During the Balkan Wars he participated as a volunteer and undertook various missions in Central Macedonia, as a detector and guide of the Hellenic Army. After the end of the Second Balkan War and the migration of the Greeks of Strumica, he settled in Kilkis where he continued to practice his profession, tobacco trading. He was the first Greek mayor of Kilkis. He was also the director of the first group of scouts of Kilkis.
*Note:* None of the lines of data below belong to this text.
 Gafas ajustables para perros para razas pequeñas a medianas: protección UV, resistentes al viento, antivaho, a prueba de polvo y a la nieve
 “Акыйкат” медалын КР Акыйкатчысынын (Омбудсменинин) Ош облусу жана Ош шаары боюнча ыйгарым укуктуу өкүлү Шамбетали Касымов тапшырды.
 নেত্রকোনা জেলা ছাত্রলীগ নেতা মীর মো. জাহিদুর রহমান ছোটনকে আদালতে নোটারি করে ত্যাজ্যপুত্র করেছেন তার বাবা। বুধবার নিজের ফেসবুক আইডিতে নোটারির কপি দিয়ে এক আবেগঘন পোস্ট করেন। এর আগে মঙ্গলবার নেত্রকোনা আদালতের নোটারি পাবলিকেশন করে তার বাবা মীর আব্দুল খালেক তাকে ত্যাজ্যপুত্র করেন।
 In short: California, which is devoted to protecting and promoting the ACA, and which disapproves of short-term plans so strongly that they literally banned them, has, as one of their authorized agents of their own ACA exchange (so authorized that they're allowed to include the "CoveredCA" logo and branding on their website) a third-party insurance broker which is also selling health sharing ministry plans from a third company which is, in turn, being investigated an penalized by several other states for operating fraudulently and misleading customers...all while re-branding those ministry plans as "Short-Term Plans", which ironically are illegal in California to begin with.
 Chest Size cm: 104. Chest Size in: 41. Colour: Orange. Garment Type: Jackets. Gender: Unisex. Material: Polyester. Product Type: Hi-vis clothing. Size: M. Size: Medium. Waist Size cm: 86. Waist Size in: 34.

For his national action, he was awarded several times by the Greek state. His military equipment and his weapons are displayed at the Macedonian Struggle Museum in Thessaloniki.

== Sources ==
- Κωνσταντίνος Βακαλόπουλος, Ο Μακεδονικός Αγώνας (1904-1908), Η ένοπλη φάση, Thessaloniki, 1987
- Περιφερειακή Εφορεία Προσκόπων Κιλκίς, Ο Προσκοπισμός στο Κιλκίς
- Κοινωνία Πολιτών Ν. Κιλκίς, 27 Οκτωβρίου 2008, Ιωάννης Τσιτσίμης, "Η χαμένη τιμή του καπετάν Μίκη Ζέζα, Στη μνήμη του οπλαρχηγού Β΄, Στρώμνιτσας, Δημήτρη Τσιτσίμη"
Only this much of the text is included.